Exercise 1: Stand backwards to the high cable pulley in lunge, grasp the handle (bar) and straighten the arms in a horizontal plane. Lowering phase slower than lifting phase, with full control of weight during exercise.
Tips: Only forearms make the movement during exercising. The shoulder joint locked. Involved elbow joint. Exercises are not recommended for beginners, because it requires proper technique (technical mistakes can cause serious injury). When lowering weight, slower movement.
Exercise 1: With the additional support (bench) for the elbows, allows for better concentration and isolation of the work of the triceps. Kneeling with the body lent forward, we grab the bar (or handle) of the high cable pulley located behind the back. Elbows on the bench. Straighten the arms with the forearm (only the elbows). Full range of motion: light arc from maximum bend to full arm extension, horizontally.
Tips: Keep the elbows placed on the bench through the entire exercise. Slower and controlled movement during lowering the weight.
Exercise 1: The distance of the dripping bars should slightly exceed the width of the shoulders. Lowering and lifting of the body is done by bending the arms in the elbows. During the whole exercise, the elbows should be as close as possible to the trunk. Torso upright (leaning forward reduces the work of triceps, increasing the involvement of the chest muscles). Movement range: from maximum bend to full arm extension. Moderate pace, no jerks and too fast lowering. Advanced bodybuilders can exercise with extra weight (with lots of repetitions in the series).
Tips: During the exercise, avoid contact of feet with the ground should be avoided (so called cheat movements).

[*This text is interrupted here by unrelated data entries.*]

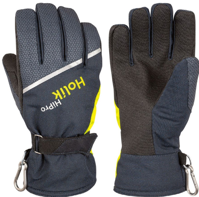
Maris Compact PTFE

Velmi odolné zásahové rukavice s membránou.
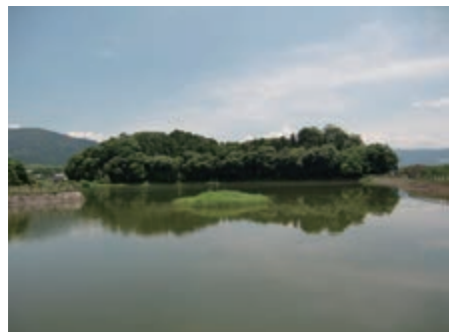
▲卑弥呼の墓という説もある箸墓古墳(奈良県桜井市)
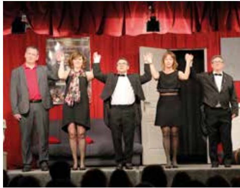
Bravo à la Troupe de Verneuil !

et répliques hilarantes pour ce diabolique jeu du chat et de la
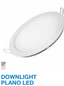
DOWNLIGHT PLANO LED
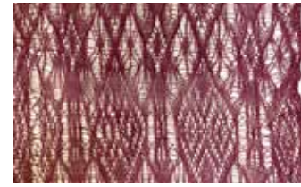
織り目の細かい部分と粗い部分は、経糸の寄せ方を変えることで現れる。織物ながら奥行きがあり、繊細で上品な風合いの羅織り
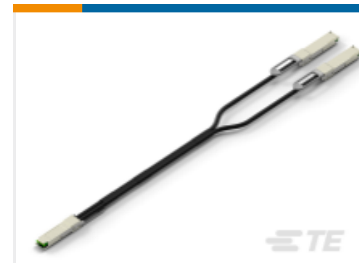
TE 系列/零件编号 2333801-6 QSFP TO (2)QSFP, 25G, 3 METER, 30AWG
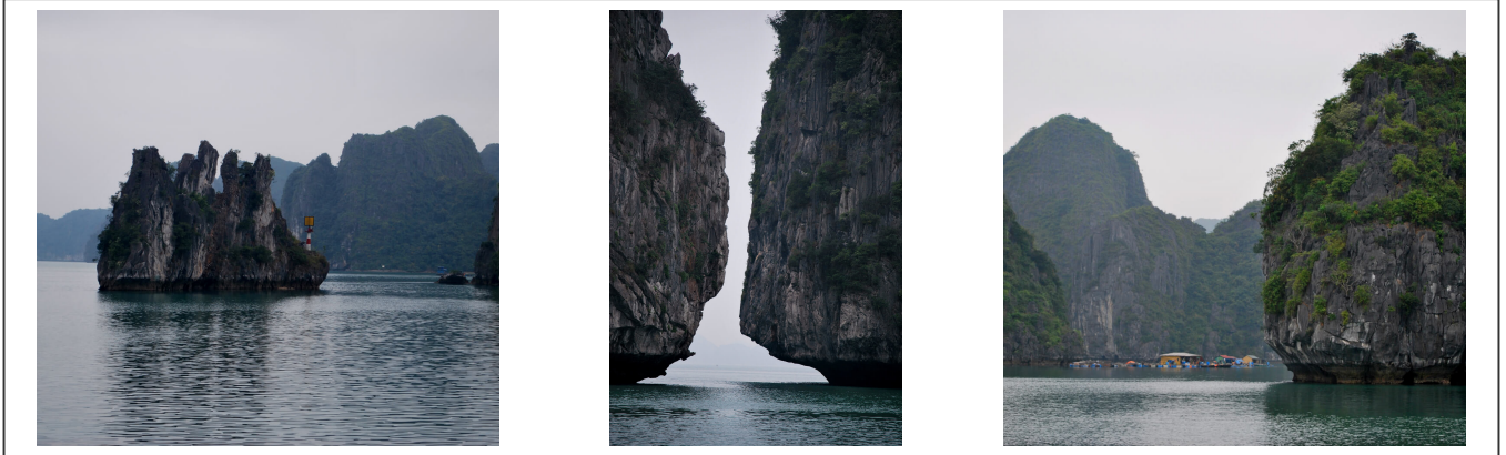
Les fameux rochers de la baie d'Ha-Long
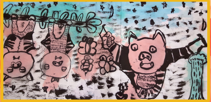
二和 黃巧瑩 可愛的蝙蝠
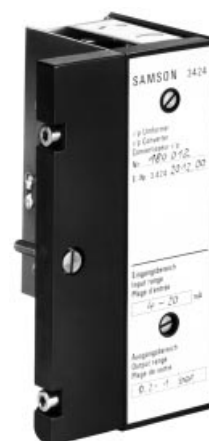
Rys. 2 · Samodzielny przetwornik i/p typu 424-11 z płytką do podłączenia wyjść

Oferujemy także wykonanie z przetwornikiem i/p wielkości regulowanej x i/lub przetwornikiem i/p zewnętrznej wartości zadanej w_{ext} . Szczegółowe informacje podajemy na życzenie.
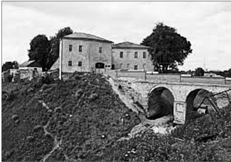
Сучасны выгляд Старога замка ў Гродне.

З 7 па 12 снежня гэта было ўжо паляванне на смерць.
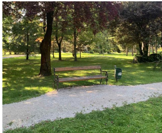
Slika 55. Primjer klupe postavljene na proširenju, u hladu. Uz klupu je postavljena košarica za otpatke.
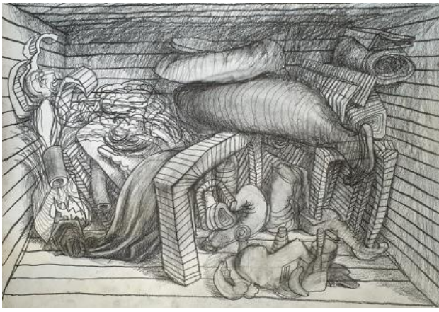
, 2021 potlood op papier, A3
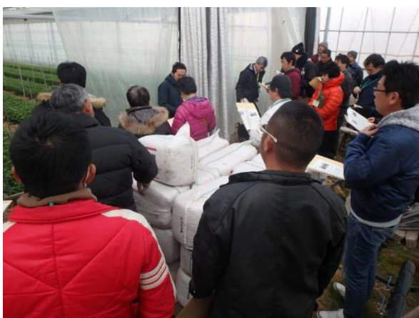
若手農業者の取組み調査

幅広い知識を習得することができるよう、普及センターが開催する農業経営管理講座、経営発展セミナー、経営研修会、若手農業者の取組みなどを調査する研修会や、香川県農業士等との交流会への参加を誘導した。
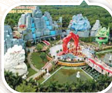
Hoa viên nghĩa trang
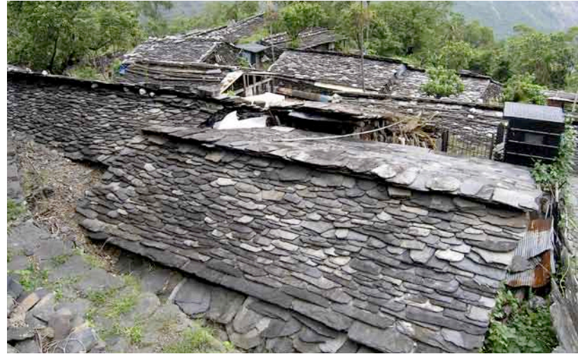
■右頁[右上]ボガリ社旧集落の住居跡に残る表札。戦後も相当長い期間(一部地域では現在でも)カタカナが使われていた [右中央]ボガリ社の祭場の祠の石板に彫られた守護神 [右下]ブツンロク社とボガリ社を結ぶかつての警備道 ■左頁[右上]チカタン社の伝統集落の藁の波 [左上]北大武山頂上稜線に残る日本統治時代の大武祠。鳥居階段の袂には高砂義勇隊顕彰碑の碑文のみが残る。60年の風雪(南台湾でも高地は積雪する)に耐えた木製の鳥居は、パシー海峡と南洋諸島を向いている

Excessive lowering during exercise causes overloading of the shoulder joints.
Exercise 1: Perform lowering and lifting of the trunk with hands placed on the bench behind the back, legs on another bench (higher than bench, on which hands are placed). Arms fully extended for better muscle tension. Lowering motion slow, lifting motion slightly faster. Exercise can be done with the grip or placing the bench alongside, hands on the edge on sides of the bench (parallel grip). Increase the difficulty of the exercise by using additional weight (eg, the pate on the laps) (gif 10). For better activation of the muscles, several repetitions can be done without an additional weight, and then ask your partner to put a plate on the laps and do another several repetitions. Make the switch. This is the perfect exercise to maximize “pumping" of the triceps at the end of the training.
Tips: Podczas opuszczania się nie dotykamy podłogi (odpowiednia wysokość ławek). Zbyt głębokie opuszczanie przeciąża stawy barkowe.

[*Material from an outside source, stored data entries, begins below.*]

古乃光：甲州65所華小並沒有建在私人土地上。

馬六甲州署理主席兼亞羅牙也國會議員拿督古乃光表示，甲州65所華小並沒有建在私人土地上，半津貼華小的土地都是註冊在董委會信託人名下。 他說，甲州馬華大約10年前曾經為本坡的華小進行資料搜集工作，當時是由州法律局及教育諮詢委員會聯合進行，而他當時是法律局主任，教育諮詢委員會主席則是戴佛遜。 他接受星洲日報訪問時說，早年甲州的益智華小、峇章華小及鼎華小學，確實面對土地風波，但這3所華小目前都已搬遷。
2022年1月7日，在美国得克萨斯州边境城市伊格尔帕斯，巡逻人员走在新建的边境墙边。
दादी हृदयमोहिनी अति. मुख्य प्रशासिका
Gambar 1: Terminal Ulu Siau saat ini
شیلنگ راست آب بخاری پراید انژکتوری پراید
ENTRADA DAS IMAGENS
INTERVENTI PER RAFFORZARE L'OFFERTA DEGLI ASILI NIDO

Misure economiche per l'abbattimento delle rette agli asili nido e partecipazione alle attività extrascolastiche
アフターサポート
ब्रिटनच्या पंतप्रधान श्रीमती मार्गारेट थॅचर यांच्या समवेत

Exercise 1: Similar to arm extension, but because of the of the difficult grip to master, it is more difficult to perform. Elbows close to the torso, full range of the movement in the elbows. Control of the weight during exercising, lowering slower than lifting. At the end phase of the extension, stop the motion to achieve better tension of the muscles.
Tips: Careful selection of weight is recommended because the elbow joint is more vulnerable to injuries. Exercise is carried out smoothly, avoiding jerks and rapid movements.
Exercise 1: The exercising technique is similar to the technique of the chest pressing with the close grip. The difference is in the position and work of the elbows. The elbows are directed slightly to the center (about 35-45 degrees to the trunk). Grip for shoulder width (or narrower). We practice using a E-Z bar to reduce wrist tension and gain a better concentration on the biceps work. We stop movement before locking the elbows before reaching the full extension of the arms, resulting in increased triceps muscle tension. Exercise can be done with a straight bar, or with a Smith machine (photo 39).
Tips: Too narrow grip overloads the elbows and wrists. It is recommended to select the proper weight, so the chest muscles are not involved.